The significance of the two group analysis of CD8 T cells for OS was retained in a multivariate cox proportional hazards model (p = 0.033), but not the CD4 memory activated T cells for DFS (p = 0.32) (Table 3). This is likely due to correction for the pathologic stage by the model, as the low CD4 memory activated T cell group was biased towards more samples with a higher pathologic stage (p = 0.02)) (Table 1). However, the high and low CD8 T cell groups did not show a bias in any patient characteristic (Table 1).

Figure 4
figure 4

Kaplan–Meier curves demonstrating improvements in OS or DFS in TCGA TNBC patients with high quantities of CD8 T cells or CD4 memory activated T cells in their tumor sample, respectively. (a) TCGA TNBC patients with a higher proportion of CD8 T cells in their tumor have a better OS (p = 0.013, FDR = 0.24, log rank test) (survival rates high vs. low, 5 year: 96.4% and 71.9%, 10 year: 96.4% and 53.9%). (b) TCGA TNBC patients with a higher proportion of CD4 memory activated T cells in their tumor sample have a better DFS (p = 0.034, FDR = 0.66, log rank test) (survival rates high vs. low, 5 year: 85.9% and 58.2%, 10 year: 57.3% and 58.2%). (a) and (b) High and low cut offs of T cell infiltrate were chosen as quantities above and below 0.25 times the standard deviation of the mean, respectively. (a) and (b) Images generated with R 4.0.2 (https://www.R-project.org)35.

Table 3 Prognostic value of immune cell types in TCGA TNBC (multivariate).

After observing these results, we were curious if the samples with high CD8 T cells also tended to have high CD4 memory activated T cells or if they were mutually exclusive. To determine if the samples had high amounts of both T cell types or if the samples were uniquely enriched in only one T cell type, we did hierarchical clustering of the data (Figs. 5 and S5). Hierarchical clustering indicated that many samples with a high quantity of CD8 T cells also have a high quantity of CD4 memory activated T cells (Fig. 5, magenta cluster). Other clusters indicated that some samples are uniquely enriched in CD8 T cells (Fig. 5, green cluster) or CD4 memory activated T cells (Fig. 5, deep pink cluster), but not both cell types.

Figure 5
figure 5

Hierarchical clustering of CD8 T cell and CD4 memory activated T cell quantities in TCGA TNBC samples. RNA sequencing (RNA-Seq) gene expression data was analyzed with CIBERSORT to quantify the amount of different T cells in the TCGA TNBC samples. Hierarchical clustering of these quantities after normalization is shown in the heatmap. Clusters of samples enriched in CD4 memory activated T cells (deep pink cluster), CD8 T cells (green cluster), both cell types (magenta cluster), or neither cell type (orange cluster) are represented. Image generated with R’s (4.0.2) (https://www.R-project.org)35 gplots package (3.0.4) (https://CRAN.R-project.org/package=gplots)36.

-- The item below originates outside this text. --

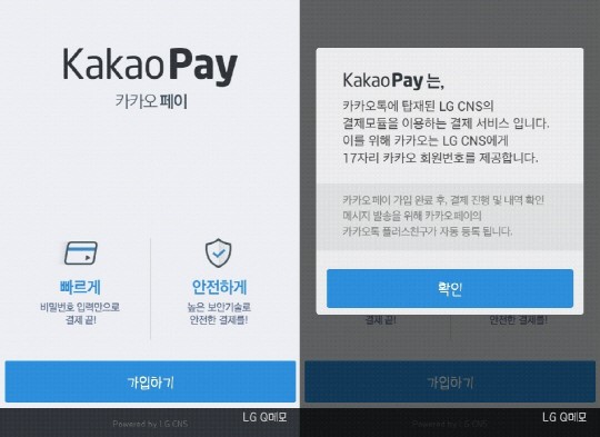 īī¿ÀÆäÀ̴ ȸ¿ø°¡ÀԽà ÃÖÃÊ ½Å¿ëÄ«µå Á¤º¸¿Í °áÁ¦ ºñ¹Ð¹øÈ£¸¦ µî·ÏÇϸé, ÀÌÈÄ °áÁ¦ ºñ¹Ð¹øÈ£ ÀԷ¸¸À¸·Îµµ »óǰ´ë±ÝÀ» °áÁ¦ÇÒ ¼ö ÀÖ´Â ±¸Á¶´Ù. ¸ÕÀú īī¿ÀÅåÀ» ½ÇÇàÇÑ ´ÙÀ½ ¼³Á¤ ¸Þ´º¿¡¼­ īī¿ÀÆäÀ̸¦ ¼±ÅÃÇϰí À̸§¡¤Áֹεî·Ï¹øÈ£ ÀÔ·Â, ÈÞ´ëÆù º»ÀÎ ÀÎÁõÀ» °ÅÃÄ¾ß ÇÑ´Ù. ±×´ÙÀ½ ´Ü°è¿¡¼­ °áÁ¦¿¡ »ç¿ëÇÒ ºñ¹Ð¹øÈ£ 6~12ÀÚ¸®¸¦ ÀÔ·ÂÇÏ°í °áÁ¦ÇÒ ½Å¿ë¡¤Ã¼Å©Ä«µåÀÇ ¹øÈ£, À¯È¿±â°£, ºñ¹Ð¹øÈ£ µîÀ» ÀÔ·ÂÇÏ¸é °¡ÀÔÀÌ ¿Ï·áµÈ´Ù.

Some representative H&E images of samples identified as having a high quantity of T cells (both CD8 and CD4 memory activated) (Fig. 6a–c) or a low amount of T cells (both CD8 and CD4 memory activated) (Fig. 6d–f) are shown in Fig. 6.

Figure 6
figure 6

Example H&E images of TCGA TNBC cases with a high quantity of T cells (CD8 and CD4 memory activated) (ac) or a low quantity of T cells (CD8 and CD4 memory activated) (df) as scored by RNA-Seq gene expression analysis by CIBERSORT. (a) TCGA-AO-A128. (b) TCGA-GM-A2DI. (c) TCGA-OL-A66I. (d) TCGA-A7-A26I. (e) TCGA-BH-A0AV. (f) TCGA-OL-A5RW. (a)–(f) Image captures made from TCGA image files opened with Aperio ImageScope 12.3.2.8013 (https://www.leicabiosystems.com/digital-pathology/manage/aperio-imagescope/).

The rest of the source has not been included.